# Task statement
In the records below, find the line with "00:15:26Der Streamer beginnt" and the line with "Чулки компрессионные B.Well, JW-212". Print both exactly, along with every line between them, and no other line.

# Data section
· · ·

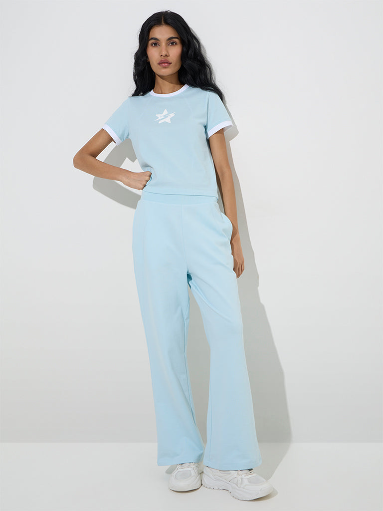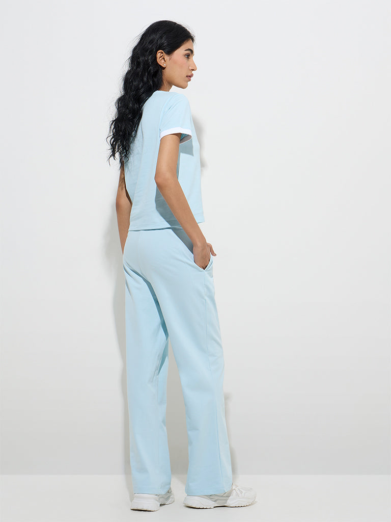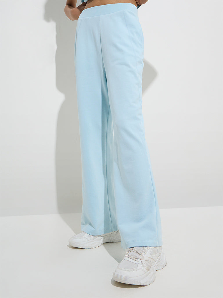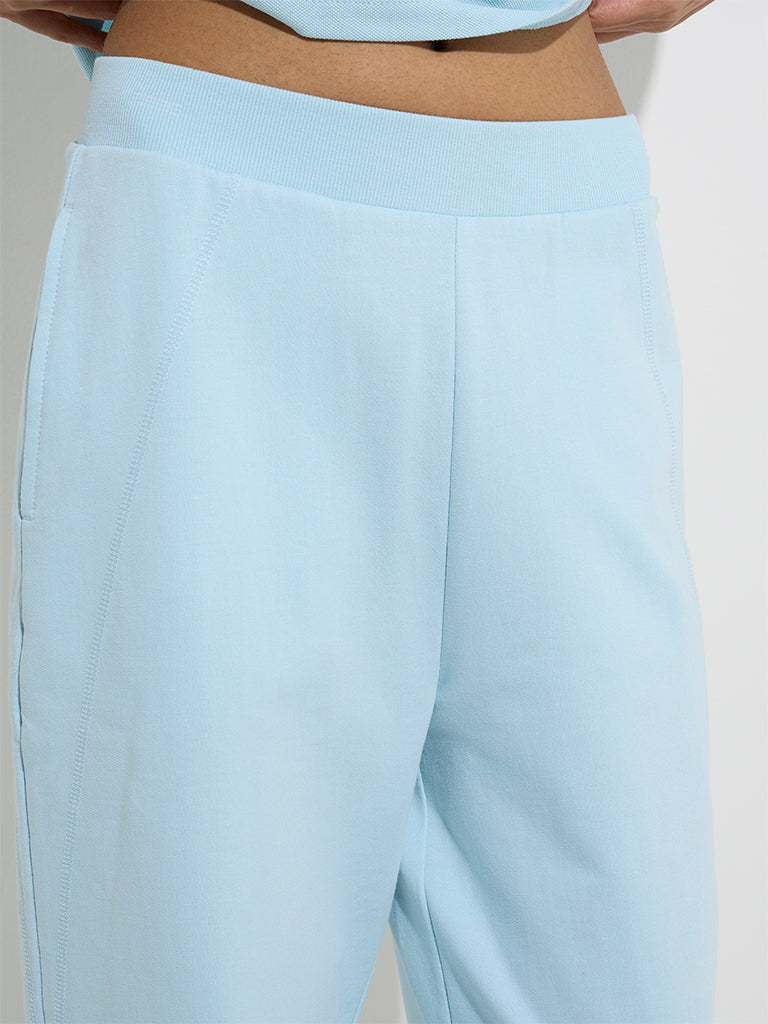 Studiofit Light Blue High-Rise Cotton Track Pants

· · ·

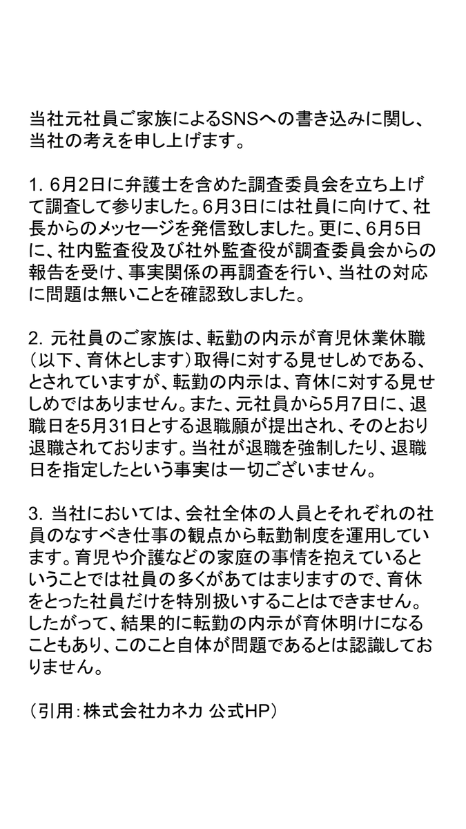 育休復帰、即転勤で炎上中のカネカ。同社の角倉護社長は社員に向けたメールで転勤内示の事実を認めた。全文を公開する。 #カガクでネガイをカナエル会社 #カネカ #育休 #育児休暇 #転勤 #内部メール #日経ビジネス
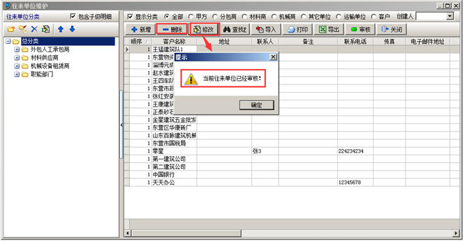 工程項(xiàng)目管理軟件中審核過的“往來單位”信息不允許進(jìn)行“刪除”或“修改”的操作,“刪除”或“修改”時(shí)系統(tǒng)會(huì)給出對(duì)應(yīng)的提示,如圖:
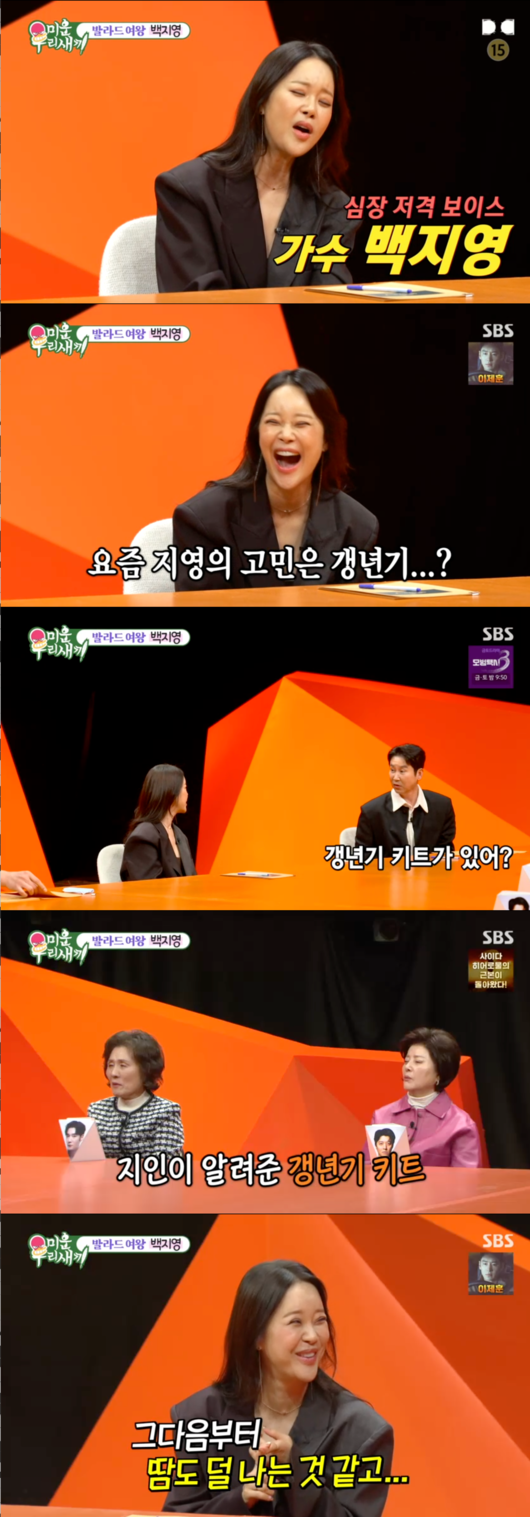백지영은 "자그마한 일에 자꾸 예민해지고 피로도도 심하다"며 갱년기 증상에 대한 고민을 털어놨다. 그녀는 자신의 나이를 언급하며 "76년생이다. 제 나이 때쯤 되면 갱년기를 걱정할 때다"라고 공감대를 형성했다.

· · ·

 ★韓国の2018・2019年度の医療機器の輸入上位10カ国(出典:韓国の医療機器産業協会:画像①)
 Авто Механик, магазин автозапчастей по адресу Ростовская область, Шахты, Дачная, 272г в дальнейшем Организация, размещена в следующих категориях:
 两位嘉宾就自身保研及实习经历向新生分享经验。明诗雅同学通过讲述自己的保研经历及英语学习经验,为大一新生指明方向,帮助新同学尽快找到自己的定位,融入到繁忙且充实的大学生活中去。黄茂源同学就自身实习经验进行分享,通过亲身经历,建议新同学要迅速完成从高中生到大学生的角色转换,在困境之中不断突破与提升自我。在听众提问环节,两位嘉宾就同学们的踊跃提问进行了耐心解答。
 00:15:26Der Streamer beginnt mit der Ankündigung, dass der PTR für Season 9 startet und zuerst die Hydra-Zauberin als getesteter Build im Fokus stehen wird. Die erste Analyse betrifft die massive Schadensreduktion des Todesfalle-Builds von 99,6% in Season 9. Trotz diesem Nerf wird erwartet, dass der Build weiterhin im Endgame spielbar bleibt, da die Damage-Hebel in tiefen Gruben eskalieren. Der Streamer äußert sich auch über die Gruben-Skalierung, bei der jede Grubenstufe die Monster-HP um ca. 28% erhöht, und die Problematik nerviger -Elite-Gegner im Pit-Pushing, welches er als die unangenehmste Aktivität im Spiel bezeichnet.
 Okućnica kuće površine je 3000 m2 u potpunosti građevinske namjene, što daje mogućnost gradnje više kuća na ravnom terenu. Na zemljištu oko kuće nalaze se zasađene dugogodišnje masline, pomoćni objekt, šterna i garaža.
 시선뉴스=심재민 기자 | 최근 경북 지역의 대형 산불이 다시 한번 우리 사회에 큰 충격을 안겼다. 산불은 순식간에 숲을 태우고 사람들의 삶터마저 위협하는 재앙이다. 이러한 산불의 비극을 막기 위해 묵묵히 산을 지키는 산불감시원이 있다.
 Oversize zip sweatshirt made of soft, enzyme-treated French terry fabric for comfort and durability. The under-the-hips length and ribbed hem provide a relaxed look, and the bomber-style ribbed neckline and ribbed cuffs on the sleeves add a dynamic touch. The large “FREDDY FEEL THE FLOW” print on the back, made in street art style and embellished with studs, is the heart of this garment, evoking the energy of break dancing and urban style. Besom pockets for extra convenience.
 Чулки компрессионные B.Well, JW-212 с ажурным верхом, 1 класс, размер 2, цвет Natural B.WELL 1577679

· · ·

# Solution for this problem
 00:15:26Der Streamer beginnt mit der Ankündigung, dass der PTR für Season 9 startet und zuerst die Hydra-Zauberin als getesteter Build im Fokus stehen wird. Die erste Analyse betrifft die massive Schadensreduktion des Todesfalle-Builds von 99,6% in Season 9. Trotz diesem Nerf wird erwartet, dass der Build weiterhin im Endgame spielbar bleibt, da die Damage-Hebel in tiefen Gruben eskalieren. Der Streamer äußert sich auch über die Gruben-Skalierung, bei der jede Grubenstufe die Monster-HP um ca. 28% erhöht, und die Problematik nerviger -Elite-Gegner im Pit-Pushing, welches er als die unangenehmste Aktivität im Spiel bezeichnet.
 Okućnica kuće površine je 3000 m2 u potpunosti građevinske namjene, što daje mogućnost gradnje više kuća na ravnom terenu. Na zemljištu oko kuće nalaze se zasađene dugogodišnje masline, pomoćni objekt, šterna i garaža.
 시선뉴스=심재민 기자 | 최근 경북 지역의 대형 산불이 다시 한번 우리 사회에 큰 충격을 안겼다. 산불은 순식간에 숲을 태우고 사람들의 삶터마저 위협하는 재앙이다. 이러한 산불의 비극을 막기 위해 묵묵히 산을 지키는 산불감시원이 있다.
 Oversize zip sweatshirt made of soft, enzyme-treated French terry fabric for comfort and durability. The under-the-hips length and ribbed hem provide a relaxed look, and the bomber-style ribbed neckline and ribbed cuffs on the sleeves add a dynamic touch. The large “FREDDY FEEL THE FLOW” print on the back, made in street art style and embellished with studs, is the heart of this garment, evoking the energy of break dancing and urban style. Besom pockets for extra convenience.
 Чулки компрессионные B.Well, JW-212 с ажурным верхом, 1 класс, размер 2, цвет Natural B.WELL 1577679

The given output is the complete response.